Convert bytes object to string object in python-CodePudding

python code

#!python3

import sys
import os.path
import codecs

if not os.path.exists(sys.argv[1]):
    print("File does not exist: "   sys.argv[1])
    sys.exit(1)
file_name = sys.argv[1]

with codecs.open(file_name, 'rb', errors='ignore') as file:
    file_contents = file.readlines()

for line_content in file_contents:
    print(type(line_content))
    line_content = codecs.decode(line_content)
    print(line_content)
    print(type(line_content))

File content : Log.txt

b'\x03\x00\x00\x00\xc3\x8a\xc3\xacRb\x00\x00\x00\x00042284899:ATBADSFASF:DSF456582:US\r\n1'

Output:

python3 file_convert.py Log.txt                                                                                                                                               ✔  19:08:22 
<class 'bytes'>
b'\x03\x00\x00\x00\xc3\x8a\xc3\xacRb\x00\x00\x00\x00042284899:ATBADSFASF:DSF456582:US\r\n1'
<class 'str'>

I tried all the below methods

line_content = line_content.decode('UTF-8')
line_content = line_content.decode()
line_content = codecs.decode(line_content, 'UTF-8')

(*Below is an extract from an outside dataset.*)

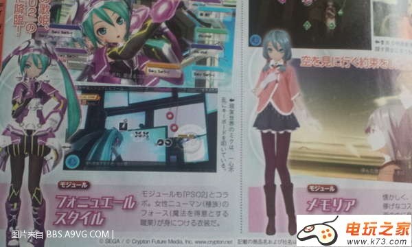 日本SEGA方面于本周的fami通杂志图上公开了部分PSV《初音未来歌姬计划f》的新消息,本作将会与同是发售于PSV平台的动作游戏《梦幻之星ol2》展开合作。另外,本作的几款新的角色歌曲服装和ar live模式也得到了判明。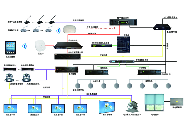 數字會議系統(tǒng)包括智能中央矩陣控制系統(tǒng)、無線觸摸控制系統(tǒng)、數字會議系統(tǒng)、音頻擴音系統(tǒng)、自動跟蹤攝像系統(tǒng)、大屏幕顯示系統(tǒng)以及網絡視頻會議系統(tǒng)、智能照明控制系統(tǒng)等。

Is there any other way to handle this?
The line_content variable still holds the byte data and only the type changes to str which is kind off confusing.

CodePudding user response：

The data in Log.txt is the string representation of a python Bytes object. That is odd but we can deal with it. Since its a Bytes literal, evaluate it, which converts it to a real python Bytes object. Now there is still a question of what its encoding is.

I don't see any advantage to using codecs.open. That's a way to read unicode files in python 2.7, not usually needed in python 3. Guessing UTF-8, your code would be

#!python3

import sys
import os
import ast

if not os.path.exists(sys.argv[1]):
    print("File does not exist: "   sys.argv[1])
    sys.exit(1)
file_name = sys.argv[1]

with open(file_name) as file:
    file_contents = file.readlines()

for line_content in file_contents:
    print(type(line_content))
    line_content = ast.literal_eval(line_content).decode("utf-8")
    print(line_content)
    print(type(line_content))

CodePudding user response：

I think it's a list not a string. Whenever you look at byte-string started with \ (reverse backslash), it's potentially a list

try this

decoded_line_content = list(line_content)